Work instructions ▸
Return all the data exactly, keeping the pictures out.

Collected material ▸

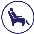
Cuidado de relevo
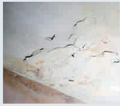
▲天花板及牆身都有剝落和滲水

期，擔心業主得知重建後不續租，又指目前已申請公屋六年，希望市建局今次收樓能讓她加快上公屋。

The completed task ▸
Cuidado de relevo
▲天花板及牆身都有剝落和滲水

期，擔心業主得知重建後不續租，又指目前已申請公屋六年，希望市建局今次收樓能讓她加快上公屋。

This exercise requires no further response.